Leaving the pictures aside, write out the whole listing below exactly.

**GIVEN DATA:**
::::

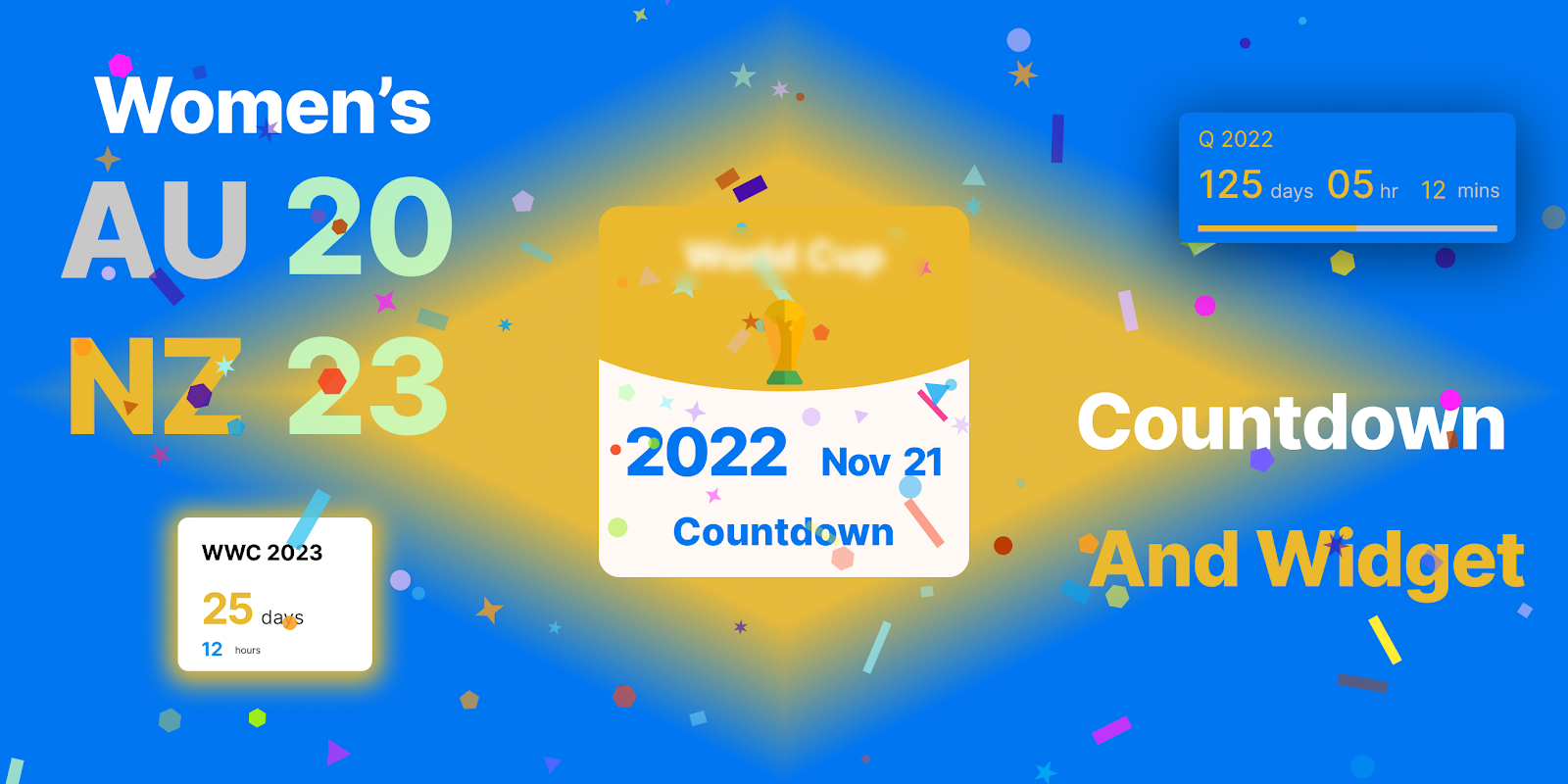 A simple collection of widgets with countdown to Women's 2023 World cup kick off
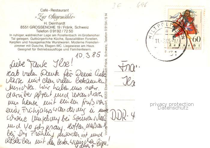 73569794 alte Postkarte Grossenohe Forchheim Oberfranken Cafe Restaurant Zur Saegemuehle Gaststube Felsformation postalisch gelaufen Erhaltung siehe scans [WerneD78] KatCode: 11110009474138
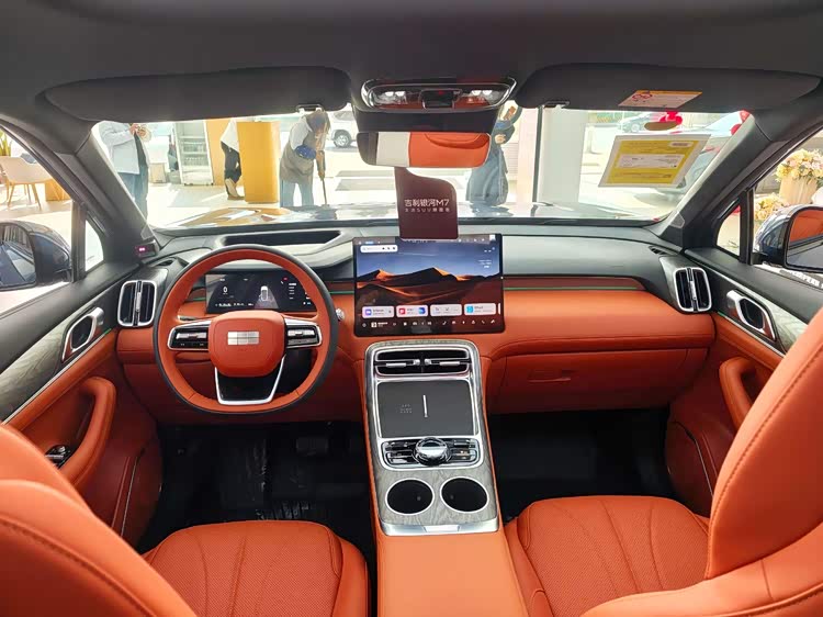 内饰方面,银河M7提供三种风格选择,悬浮式横屏、全液晶仪表屏及HUD抬头显示,科技感满满。银河Flyme Auto智能座舱系统与千里浩瀚辅助驾驶H3方案,让驾驶更加便捷安全。皮质与麂皮包覆,配合镀铬与木纹饰板,尽显奢华。前排运动座椅功能丰富,后排纯平地台、空调出风口等配置一应俱全,舒适性极佳。

::::

**FINISHED EXERCISE:**
 A simple collection of widgets with countdown to Women's 2023 World cup kick off
 73569794 alte Postkarte Grossenohe Forchheim Oberfranken Cafe Restaurant Zur Saegemuehle Gaststube Felsformation postalisch gelaufen Erhaltung siehe scans [WerneD78] KatCode: 11110009474138
 内饰方面,银河M7提供三种风格选择,悬浮式横屏、全液晶仪表屏及HUD抬头显示,科技感满满。银河Flyme Auto智能座舱系统与千里浩瀚辅助驾驶H3方案,让驾驶更加便捷安全。皮质与麂皮包覆,配合镀铬与木纹饰板,尽显奢华。前排运动座椅功能丰富,后排纯平地台、空调出风口等配置一应俱全,舒适性极佳。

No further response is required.